* [TASK INPUTS]
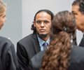 Ahmad al-Faqi al-Mahdi appears at the international criminal court in The Hague, Netherlands on Aug. 22 at the start of his trial on charges of involvement in the destruction of historic mausoleums in Timbuktu during Mali's 2012 conflict. (Patrick Post/Pool/Reuters)
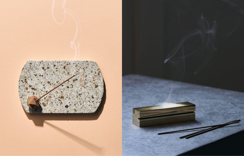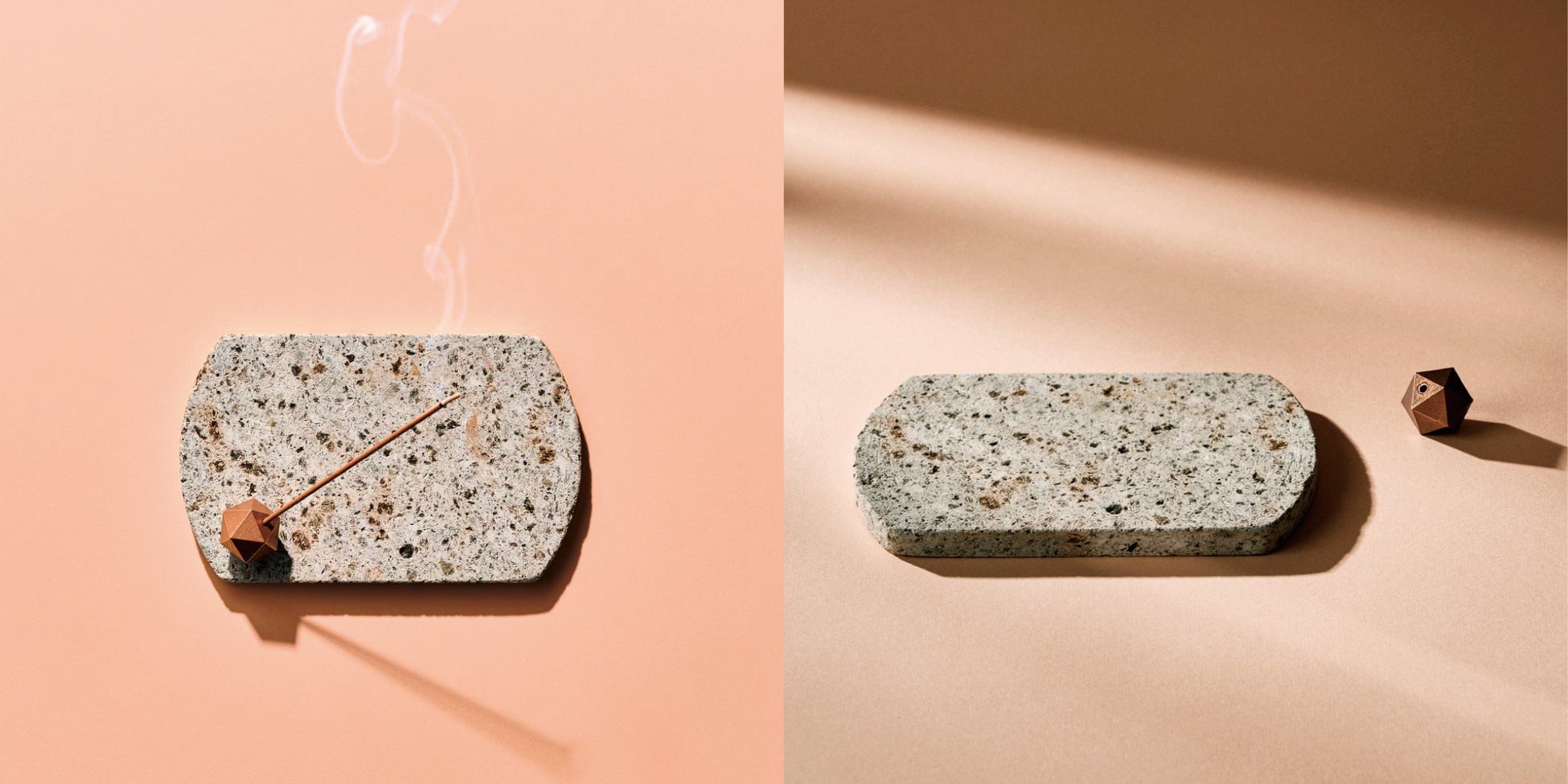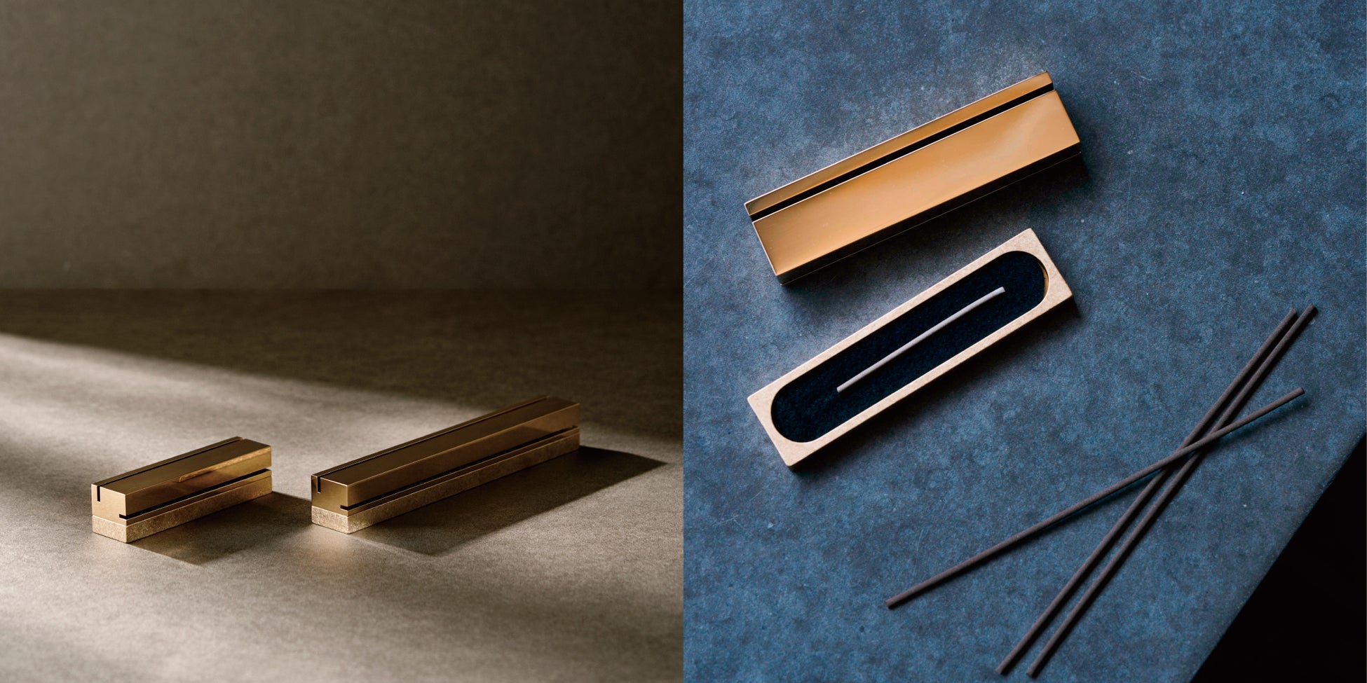 ウェルネス&マインドフルネスな暮らしに。インテリアにもなるお香のアイテム2種他をリリース。【 真鍮製の横置き香炉と、大谷石とブロンズ製香立てのセット 】等
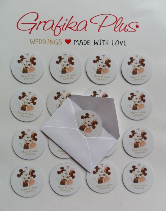 Magneti za vjenčanja su izrađeni od specijalnih magnetnih materijala na koje se aplicira željeni motiv tehnikom kolor tiska u vrhunskoj foto kvaliteti. Prednja strana magneta se dodatno plastificira sa sjajnom prozirnom folijom radi zaštite samog otiska i atraktivnijeg izgleda. Stražnja strane je "cijelom površinom" magnetna, tako da se magnet odlično drži za metalnu podlogu.
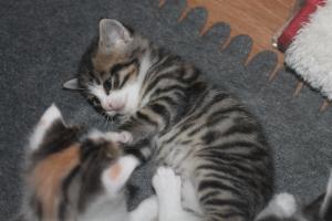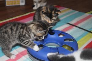 . Gegenüber den Jungs kann sie sich gut durchsetzen. Ihre Spielzeugbeute verteidigt sie mit lautem Knurren und Fauchen. Sie ist eine auch gute Jägerin.
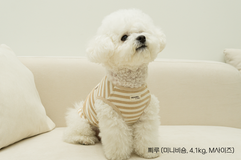 오가닉 심플티 민소매 : 가는 줄무늬 베이지

* [WHAT TO DO]
Leave every image out, and retype the material exactly.

* [SOLVED EXERCISE]
 Ahmad al-Faqi al-Mahdi appears at the international criminal court in The Hague, Netherlands on Aug. 22 at the start of his trial on charges of involvement in the destruction of historic mausoleums in Timbuktu during Mali's 2012 conflict. (Patrick Post/Pool/Reuters)
 ウェルネス&マインドフルネスな暮らしに。インテリアにもなるお香のアイテム2種他をリリース。【 真鍮製の横置き香炉と、大谷石とブロンズ製香立てのセット 】等
 Magneti za vjenčanja su izrađeni od specijalnih magnetnih materijala na koje se aplicira željeni motiv tehnikom kolor tiska u vrhunskoj foto kvaliteti. Prednja strana magneta se dodatno plastificira sa sjajnom prozirnom folijom radi zaštite samog otiska i atraktivnijeg izgleda. Stražnja strane je "cijelom površinom" magnetna, tako da se magnet odlično drži za metalnu podlogu.
 . Gegenüber den Jungs kann sie sich gut durchsetzen. Ihre Spielzeugbeute verteidigt sie mit lautem Knurren und Fauchen. Sie ist eine auch gute Jägerin.
 오가닉 심플티 민소매 : 가는 줄무늬 베이지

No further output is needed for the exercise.